__Dataset section__:
┄┄┄┄┄┄
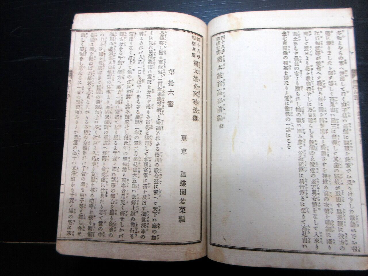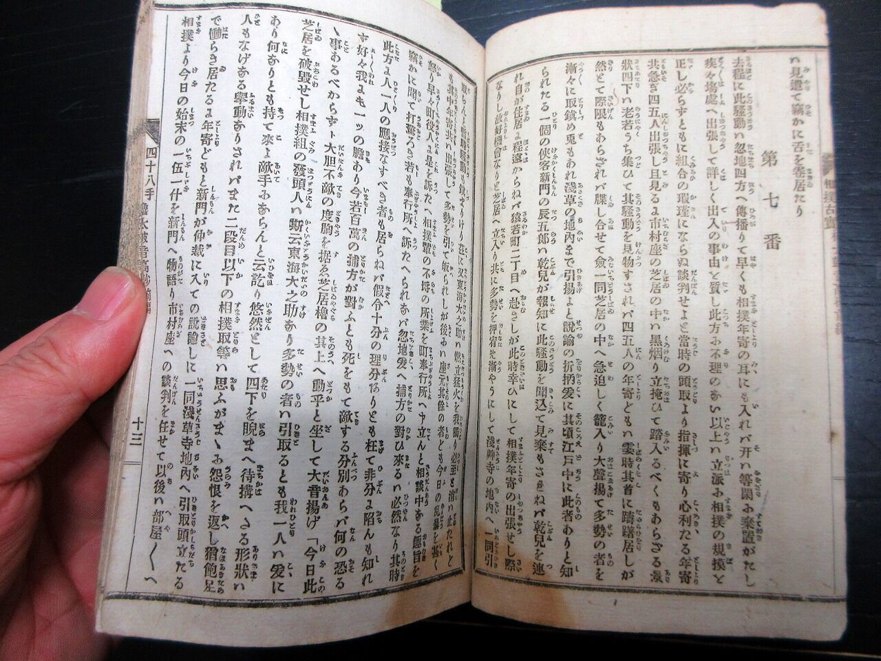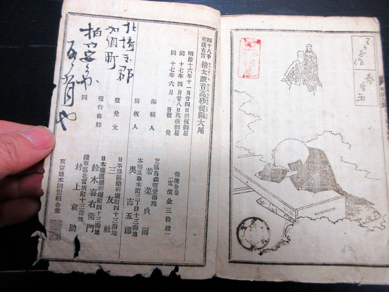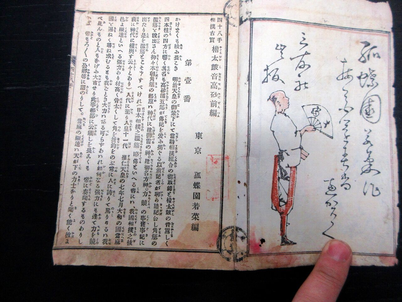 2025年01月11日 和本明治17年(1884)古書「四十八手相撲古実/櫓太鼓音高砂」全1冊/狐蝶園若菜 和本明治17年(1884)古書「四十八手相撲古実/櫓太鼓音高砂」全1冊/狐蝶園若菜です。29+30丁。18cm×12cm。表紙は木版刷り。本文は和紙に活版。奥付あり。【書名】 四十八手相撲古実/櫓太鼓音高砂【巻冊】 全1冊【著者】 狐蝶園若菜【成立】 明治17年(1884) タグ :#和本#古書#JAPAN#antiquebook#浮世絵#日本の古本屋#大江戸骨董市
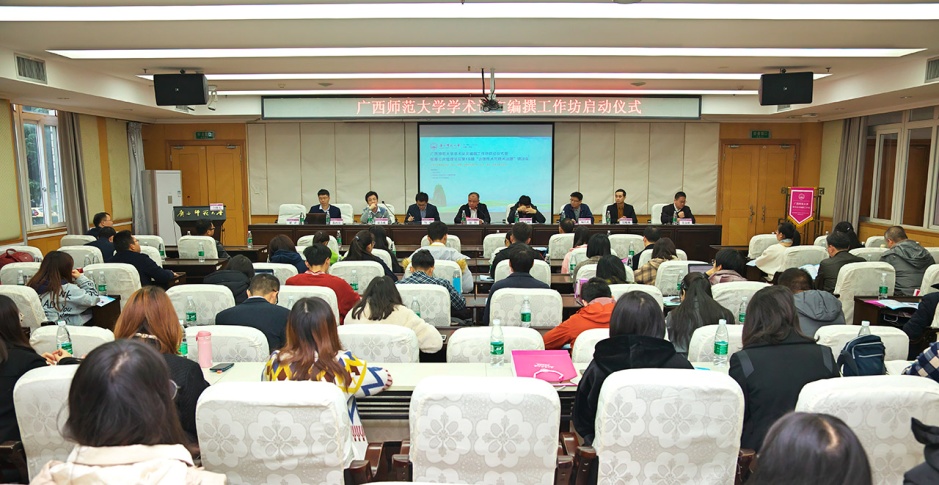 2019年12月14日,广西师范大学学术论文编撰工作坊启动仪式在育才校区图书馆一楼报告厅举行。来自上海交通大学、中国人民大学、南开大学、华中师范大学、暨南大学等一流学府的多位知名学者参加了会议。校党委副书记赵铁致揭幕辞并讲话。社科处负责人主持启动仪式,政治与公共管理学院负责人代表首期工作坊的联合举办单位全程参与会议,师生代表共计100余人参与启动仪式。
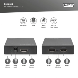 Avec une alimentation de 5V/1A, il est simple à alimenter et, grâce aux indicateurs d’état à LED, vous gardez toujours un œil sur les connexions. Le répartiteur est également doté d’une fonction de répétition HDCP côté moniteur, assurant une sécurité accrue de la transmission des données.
┄┄┄┄┄┄
__Activity__:
The expected output is the exact run of lines from the one containing "2019年12月14日,广西" through the final line of the data above, both ends included, with no pictures.

__Written reply__:
 2019年12月14日,广西师范大学学术论文编撰工作坊启动仪式在育才校区图书馆一楼报告厅举行。来自上海交通大学、中国人民大学、南开大学、华中师范大学、暨南大学等一流学府的多位知名学者参加了会议。校党委副书记赵铁致揭幕辞并讲话。社科处负责人主持启动仪式,政治与公共管理学院负责人代表首期工作坊的联合举办单位全程参与会议,师生代表共计100余人参与启动仪式。
 Avec une alimentation de 5V/1A, il est simple à alimenter et, grâce aux indicateurs d’état à LED, vous gardez toujours un œil sur les connexions. Le répartiteur est également doté d’une fonction de répétition HDCP côté moniteur, assurant une sécurité accrue de la transmission des données.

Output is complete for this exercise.